Shortly after the beginning of World War II, it became apparent to US Army planners that there was a dire need for an armored, self-propelled artillery vehicle to support the troops involved in armored operations. Until something more viable could be developed, the army used the M3 half-track with an M2 105mm howitzer mounted in the crew compartment. This vehicle was designated as the T-19. However, this quickly proved inadequate and needed to be replaced, preferably by a fully tracked, armored vehicle able to offer better crew protection. Using the chassis from an M3 medium tank, two pilot models designated T32 were built and tested. Upon successful completion of the tests, the T32 was accepted for service in February 1942 as the M7 HMC (Howitzer Motor Carriage) with production starting in April 1942. The main armament was the M2 105mm howitzer, along with the M2 .50 cal. machine gun for AA and personal defense. The M7 HMC had stowage for 69 rounds of ammunition with 36 rounds being in the ready service bins mounted on the floor on either side of the fighting compartment. Ninety M7’s were shipped to the British 8th army in Africa. They were the first to use the M7 in combat during the second battle of El Alamein. The M7 was successful and was well-liked by the crews. A total of 3,490 M7’s were built and were used in combat by all allied armies, with several soldering on in smaller armies until the 1960’s.

The Kit

This new Dragon release follows their first release of the M7 Priest mid-production (# 6637) and incorporates all the necessary changes to backdate the model to depict an early production version of the M7. This “Smart Kit” release has 302 parts (297 in styrene), 4 etched brass parts, and one turned aluminum barrel with nice, delicate rifling. The kit includes two lengths of DS100 track molded in soft styrene that can be glued using styrene cement. The track pattern for this release is the T41 which had the flat reversible track pads. The T41 are accurate and detail is depicted nicely; however, the use of T41 tracks on the M7 was short-lived and a set of T51 tracks would have been more useful. The early Priest used the early VVSS M3 suspension and this is depicted nicely. The road wheels are the open welded type with 5 spokes. All the suspension parts have fine casting detail but do not have part numbers or foundry marks present. Unlike earlier Sherman releases, the axle spindles for the idler wheels are not adjustable. This will not allow you to manipulate the axle to insure proper track tension unless it’s modified. To insure proper track tension, I cut one link off before gluing the track run together. This helps give the correct track tension without having to modify the idler axle spindle. This is also easily accomplished with the glueable DS track. The instructions are typical DML – well drawn, but at times busy. There are also a couple of numbering mistakes, which will be pointed out later. Due to the low parts count (low for DML), the assembly is accomplished in just 12 steps. Also typical for DML instructions is the ever-present painting instructions with only a few colors being indicated. Also, step 8 calls for decals (yellow stripes) to be applied to the ammo tubes. However, unlike the first mid-production release by Dragon, this kit does not include the stripes. I didn’t mind that too much as it saved me the time of placing 25 decal stripes on all the ammo tubes in the bins. Not an easy task at all.

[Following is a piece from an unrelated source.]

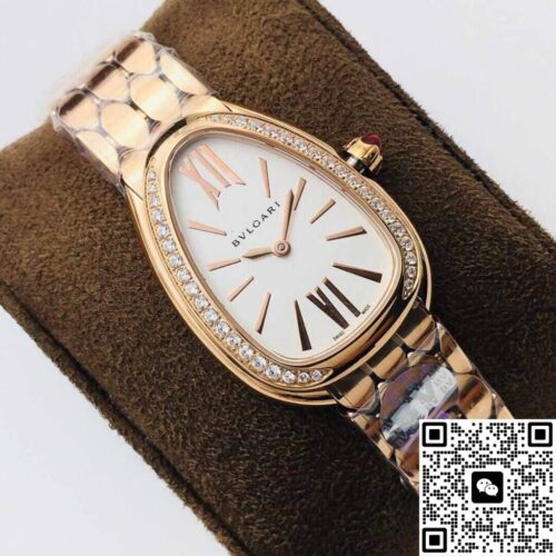Replica watches are a product of the normal market economy and a luxury with high quality and low price. It was born to satisfy everyone’s pursuit of high quality and low price, and to bring people the quality and charm of genuine watches. If you are looking for an affordable and high quality replica watch, then this Bvlgari Serpenti 103146 BV Factory Silver Diamond-Set Bezel JF Replica Watches is a very good choice, almost the same as the genuine watch There is no difference, not only beautiful in appearance, but also excellent in performance. Whether it is fashion pursuit or business needs, it is a wise choice.

As is typical, construction starts with the bogie assemblies. These were of the early M3 type and are well represented. The casting texture is fine; however, there are no casting numbers present on the bogie housing. The kit has 5 spoked, welded wheels while the idler has the correct 6 spokes. The drive sprocket is the flat machined type. The transmission cover is assembled in step two. This is a new three-piece transmission cover that has the casting numbers as well as the drain plugs present. The interior transmission and driver’s controls are added to the final drive housing, and this whole assembly is then placed aside until added to the hull later in construction.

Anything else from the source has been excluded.